Below are entries. Reproduce exactly the lines between the line holding "Foto: Bildarchiv Radgenossenschaft" and the line holding "Jenische Eltern: Korberin", inclusive, and only those.

DATASET
----------

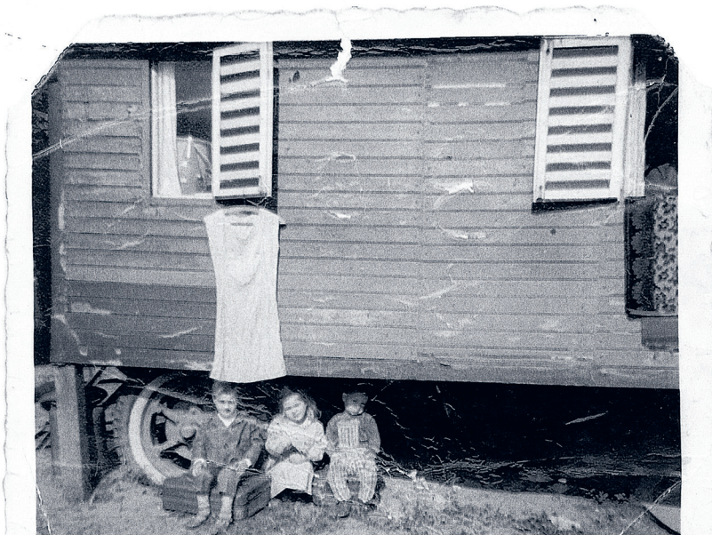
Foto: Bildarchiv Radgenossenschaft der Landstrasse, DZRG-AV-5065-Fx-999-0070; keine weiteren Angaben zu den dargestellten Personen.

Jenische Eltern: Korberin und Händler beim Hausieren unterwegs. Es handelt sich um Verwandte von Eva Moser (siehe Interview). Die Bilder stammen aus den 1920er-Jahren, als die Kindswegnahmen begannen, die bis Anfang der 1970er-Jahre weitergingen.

----------

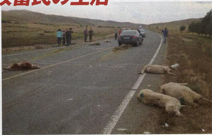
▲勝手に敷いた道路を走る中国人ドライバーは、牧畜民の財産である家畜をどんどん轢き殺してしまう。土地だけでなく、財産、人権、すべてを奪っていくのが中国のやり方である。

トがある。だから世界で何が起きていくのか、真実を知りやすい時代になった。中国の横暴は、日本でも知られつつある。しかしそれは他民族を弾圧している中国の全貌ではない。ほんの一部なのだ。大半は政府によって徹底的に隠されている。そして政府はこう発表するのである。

----------

RESPONSE AREA
Foto: Bildarchiv Radgenossenschaft der Landstrasse, DZRG-AV-5065-Fx-999-0070; keine weiteren Angaben zu den dargestellten Personen.

Jenische Eltern: Korberin und Händler beim Hausieren unterwegs. Es handelt sich um Verwandte von Eva Moser (siehe Interview). Die Bilder stammen aus den 1920er-Jahren, als die Kindswegnahmen begannen, die bis Anfang der 1970er-Jahre weitergingen.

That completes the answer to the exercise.